EXERCISE AIM>
Look below for the line that has "コンパクトタイプで、中のミラ"; output exactly from it through the line that has "今日の給食献立は、「ドライカレー」「グリーンサラダ」「ご飯」「牛乳」です。", and leave the pictures out.
RECORD SET START
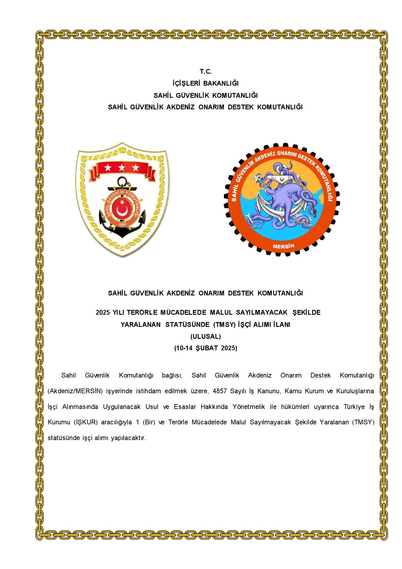 2- Türkiye İş Kurumu (İŞKUR) tarafından gönderilen listelerde yer alan adaylar arasından Kura çekimi Üçocak Mahallesi 132. Cadde 33020 Limaniçi-Akdeniz/MERSİN Sahil Güvenlik Akdeniz Onarım Destek Komutanlığı adresinde 20 Şubat 2025 Perşembe günü saat 09.30’da noter huzurunda yapılacaktır. Kura neticesinde belirlenen sözlü/uygulamalı sınava girmeye hak kazanan adaylara ait liste Sahil Güvenlik Komutanlığı resmi internet örün sayfasında (www.sg.gov.tr) yayımlanacaktır. Bu duyuru tebliğ mahiyetinde olup, adayların adresine ayrıca posta yoluyla ayrıca tebligat yapılmayacaktır.
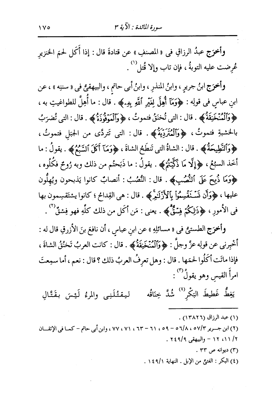 - قوله تعالى : حرمت عليكم الميتة والدم ولحم الخنزير وما أهل لغير الله به والمنخنقة والموقوذة والمتردية والنطيحة وما أكل السبع إلا ما ذكيتم وما ذبح على النصب وأن تستقسموا بالأزلام ذلكم فسق اليوم يئس الذين كفروا من دينكم فلا تخشوهم واخشون اليوم أكملت لكم دينكم وأتممت عليكم نعمتي ورضيت لكم الإسلام دينا فمن اضطر في مخمصة غير متجانف لإثم فإن الله غفور رحيم.
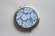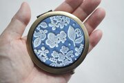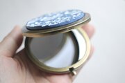 コンパクトタイプで、中のミラーは片方が拡大鏡になっています。つまみを押しながら開閉してください。
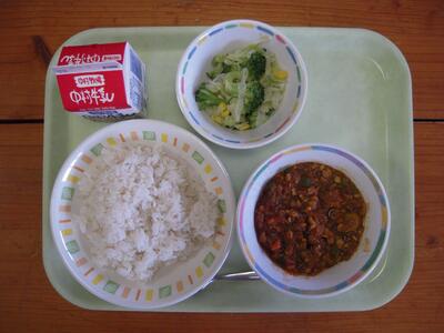 今日の給食献立は、「ドライカレー」「グリーンサラダ」「ご飯」「牛乳」です。
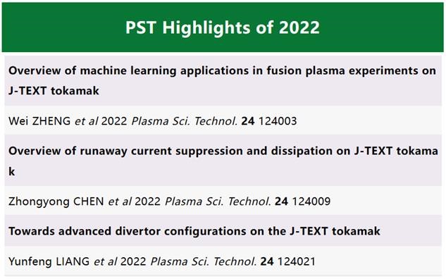317日,等离子体科学与技术(Plasma Science and Technology, PST)期刊公布了13PST Highlights of 2022,华中科技大学聚变所陈忠勇教授团队、梁云峰教授团队、郑玮副研究员团队分别发表的《Overview of runaway current suppression and dissipation on J-TEXT tokamak》(J-TEXT托卡马克逃逸电子抑制与耗散研究综述)、《Towards advanced divertor configurations on the J-TEXT tokamak》(J-TEXT托卡马克上的先进偏滤器位形)、《Overview of machine learning applications in fusion plasma experiments on J-TEXT tokamak》(机器学习在J-TEXT托卡马克聚变等离子体实验中的应用综述)论文入选。
RECORD SET END
THE COMPLETED TASK>
 コンパクトタイプで、中のミラーは片方が拡大鏡になっています。つまみを押しながら開閉してください。
 今日の給食献立は、「ドライカレー」「グリーンサラダ」「ご飯」「牛乳」です。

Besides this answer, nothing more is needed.